§ What to produce: Type out the lines below exactly, from the first through the line holding "除此之外,在2020年4月2", and include no pictures.

§ Data extract:
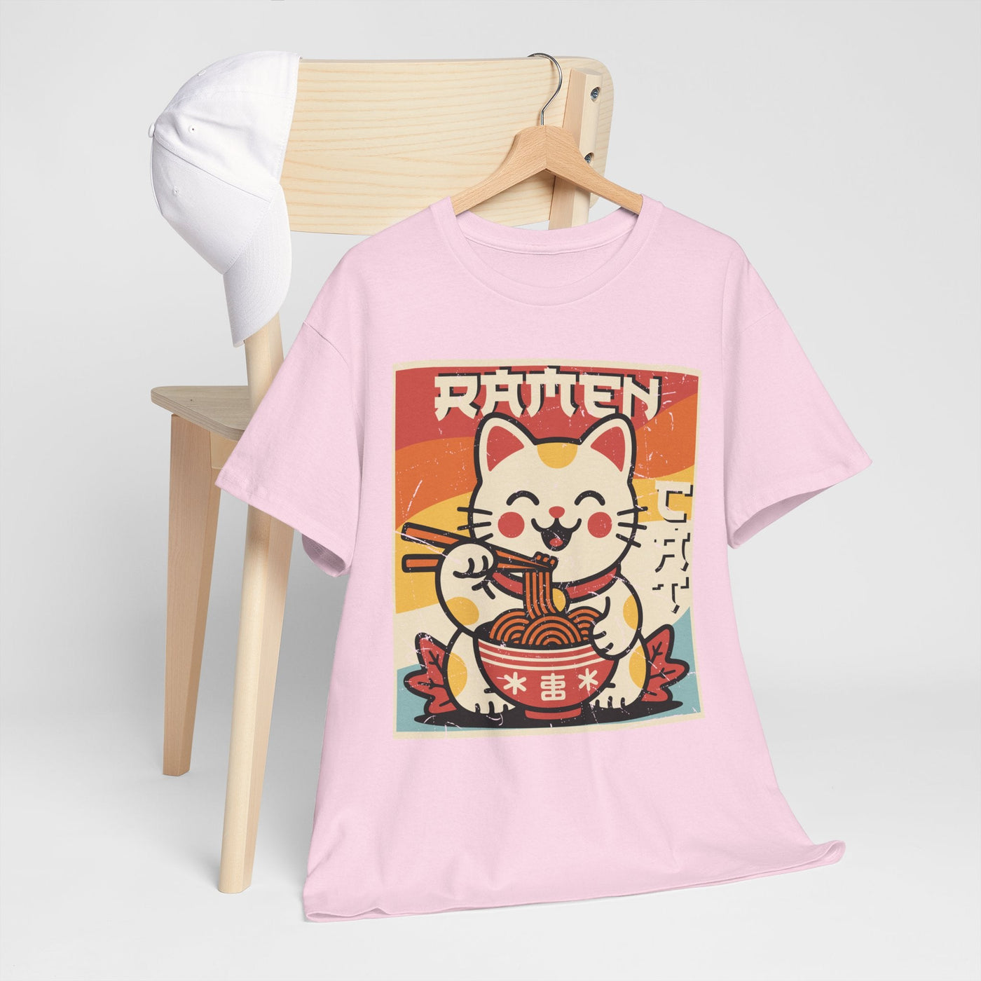 Add a dash of fun to your wardrobe with this Cute Ramen Cat Unisex Heavy Cotton Tee! Featuring a charming cat enjoying a bowl of ramen, this shirt combines adorable design with cozy comfort. Perfect for foodies, cat lovers, and anyone who enjoys playful fashion, it’s great for casual days, food festivals, or hanging out with friends. A delightful gift choice for birthdays, holidays, or anyone who appreciates cute, quirky style.
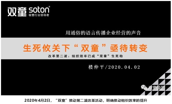 除此之外,在2020年4月2日,“雙童”也借勢展開了企業(yè)第二波改革活動,明確提升組織效率和推行“以顧客為本,以奮斗者為本”。
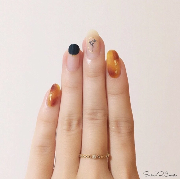 べっ甲フレンチが上品でとても素敵!べっ甲ネイルはパーツを加えたり応用がきくデザインなのでおすすめですよ。マニキュアでべっこうを作るやり方はいろいろありますが、100均アイテムだけで簡単にできる基本的なやり方を紹介します。【用意する物】・クリアイエロー・クリアオレンジ・ブラウン・ベースコート・トップコート【やり方】1.ベースコートを塗ってクリアオレンジを全体に塗る。2.全てのカラーマニキュアの蓋を開けて準備しておく。3.一度塗ったクリアオレンジが乾いたらもう一度クリアオレンジを全体に塗る。4.乾く前にブラウンをポンポンとのせる(適当に置く感じでOK)5.すぐに、置いたブラウンをクリアイエローでぼかしていく。6.好みでシェルや金箔などを埋め込んで立体的に。7.その後、トップコートで仕上げて完成!ぼかすときのコツは、あまり混ぜずに、ブラウンの端の方をトントンとぼかしていくと自然なデザインになりますよ!

§ Solved problem:
 Add a dash of fun to your wardrobe with this Cute Ramen Cat Unisex Heavy Cotton Tee! Featuring a charming cat enjoying a bowl of ramen, this shirt combines adorable design with cozy comfort. Perfect for foodies, cat lovers, and anyone who enjoys playful fashion, it’s great for casual days, food festivals, or hanging out with friends. A delightful gift choice for birthdays, holidays, or anyone who appreciates cute, quirky style.
 除此之外,在2020年4月2日,“雙童”也借勢展開了企業(yè)第二波改革活動,明確提升組織效率和推行“以顧客為本,以奮斗者為本”。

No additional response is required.